The Journal explores how translational immunology sheds light on the inflammatory mechanisms underlying asthma and allergy pathogenesis. The complexity and heterogeneity of these human conditions present challenges in developing universal therapeutic strategies. However, by integrating refined methodologies—such as systems immunology (computational methods and mathematical modeling of cellular and molecular networks present in the immune system3—for example within Th2 allergic asthma), genome-wide CRISPR screening (to selectively knock out genes4 thought to be involved in specific endotypes of asthma), genome-wide microarrays, and spatial transcriptomics (to identify specific cell types and networks of cells5 that will not only help to characterize endotypes of asthma, but to identify biomarkers and provide novel targets for disease intervention)—applied to diseased and non-diseased human-derived cells and tissues, we can bridge fundamental discoveries with clinical applications.

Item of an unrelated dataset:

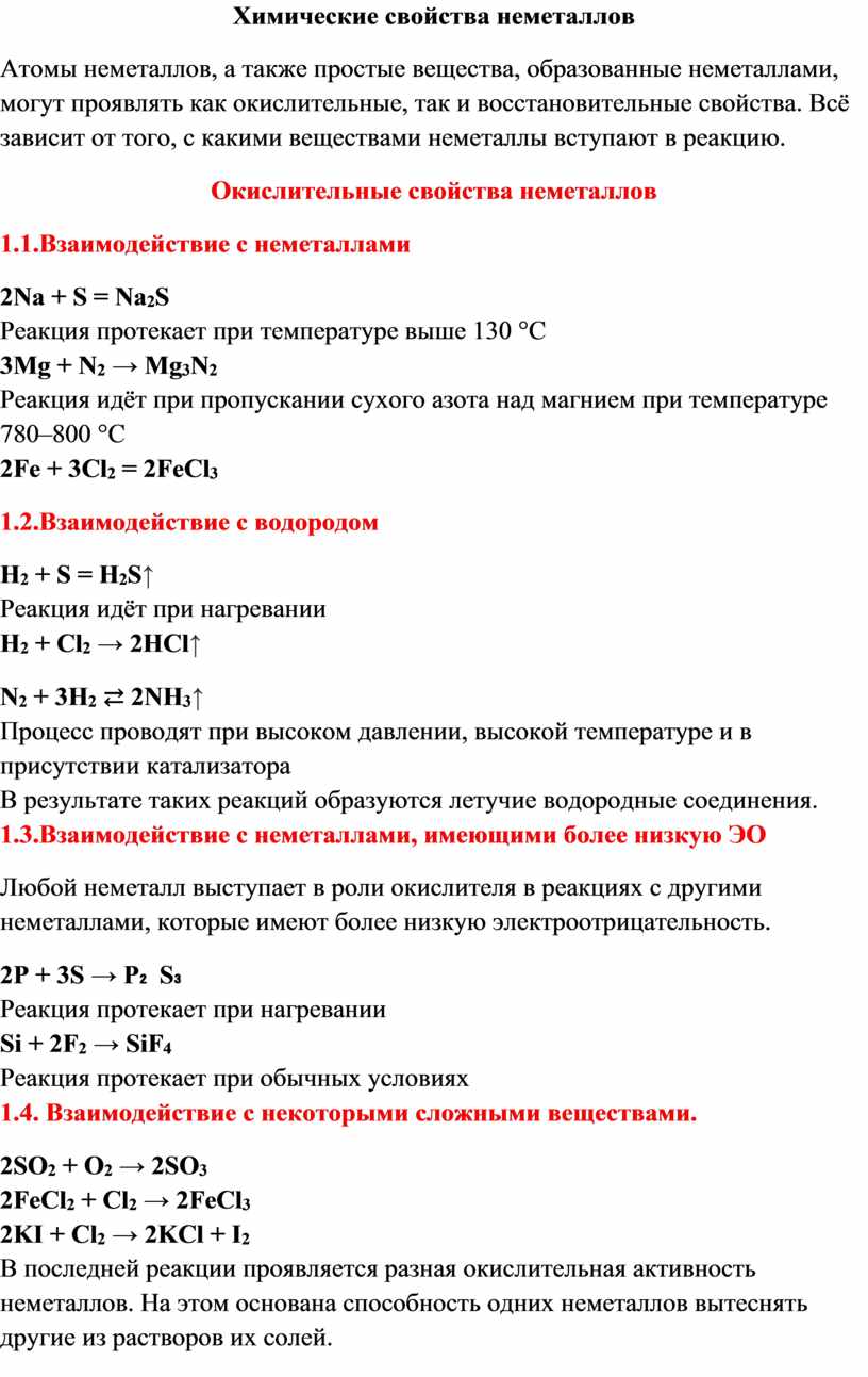 Атомы неметаллов, а также простые вещества, образованные неметаллами, могут проявлять как окислительные, так и восстановительные свойства. Всё зависит от того, с какими веществами неметаллы вступают в реакцию.
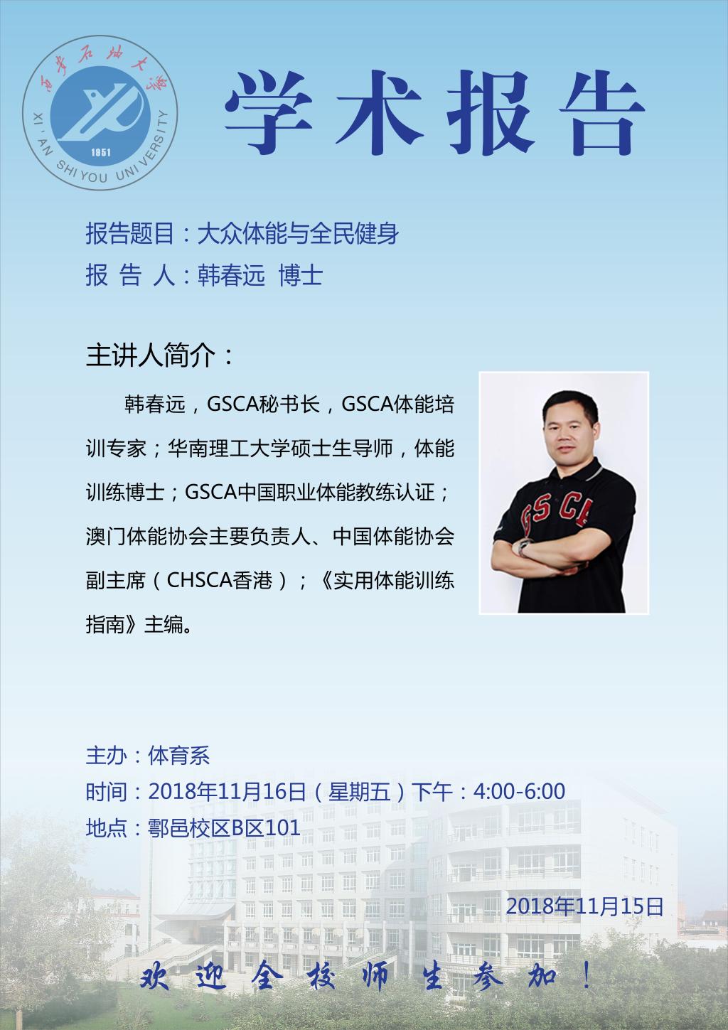 上一条:西安电子科技大学金玉柱博士应邀来我系作学术报告 下一条:体育系学术讲座:如何申报国家社会科学基金

Additionally, the use of novel models to study airway inflammation, including organoids, lung-on-a-chip, human precision cut lung slices, and systems that examine the interplay between multiple cell types present in the airways (including studying immunologic synapses between immune cells and structural/mesenchymal cells6–9) offer powerful platforms for the study of airway inflammation in the context of asthma. These approaches can potentially uncover molecular phenotypes that predict therapeutic responses and disease progression, paving the way for more precise and effective treatments for asthma and allergy.

Disclosure

Dr Cynthia Koziol-White reports she is co-editor-in-chief for Current Research in Pharmacology and Drug Discovery. The authors report no other conflicts of interest in this work.